I can’t explain how it feels to be back in Oman. It’s very similar to after we were evacuated from Egypt and found ourselves welcomed, embraced, encircled by family and friends, and the entire experience was lovely and wonderful and steeped in bittersweetness.
It physically pains me to see my kids so happy here, surrounded by their school family, embraced by teachers and students alike (as opposed to the “no hugging” rule at their current school), being pulled from group to group, “come to PE with me!” Or “sit with us at lunch!” Seeing tears of happiness and sadness in Carter’s eyes as he says “I’ve missed my friends so much!”
Do they have these kinds of relationships at their current school? I don’t know because there isn’t an open door policy there. I don’t walk down the halls several times a week (or day!) forming new relationships with repeated greetings the way it happens here. There is no Costa Coffee in the cafeteria to keep us chatting in the lunchroom in between drop offs, pick-ups, and classroom activities.

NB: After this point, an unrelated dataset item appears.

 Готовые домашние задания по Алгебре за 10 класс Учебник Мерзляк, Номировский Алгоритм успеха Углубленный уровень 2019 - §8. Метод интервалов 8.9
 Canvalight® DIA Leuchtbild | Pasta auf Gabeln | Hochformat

Being here reminds me of what is lacking and I don’t know what course to take. Find more reasons to be at school? Try to make it a more welcoming place? Is that even possible when that runs counter to school policy/culture? Or do I go outside the system and go back to homeschooling next year, giving them some of the freedom and flexibility that they’ve been missing?

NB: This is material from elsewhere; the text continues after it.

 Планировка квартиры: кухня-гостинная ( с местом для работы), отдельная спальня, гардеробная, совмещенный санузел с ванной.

I’ve always said being happy isn’t where you are, it’s who you are. And that is smacking me in the face as I try and figure out our place/purpose in Bahrain. I’m sure that part of my dissatisfaction is rooted inside me, but I’m also realizing that my happiness is related to my kids’ happiness and as they get older I have less and less control over that.
I haven’t seen the boys this genuinely happy and relaxed since we left Oman. They practically floated down the hallways of the school, fitting in like missing pieces of a puzzle. While the world is talking about adding armed security and buzzers and visitor badges and locked doors at schools, my three showed up with only a smile on the arm of a friend — no prior notice, no notes or permission slips, no questions asked.
I don’t think it gets any better than this, but I’ve become determined to find or create the next best thing (and also come back and visit as often as possible).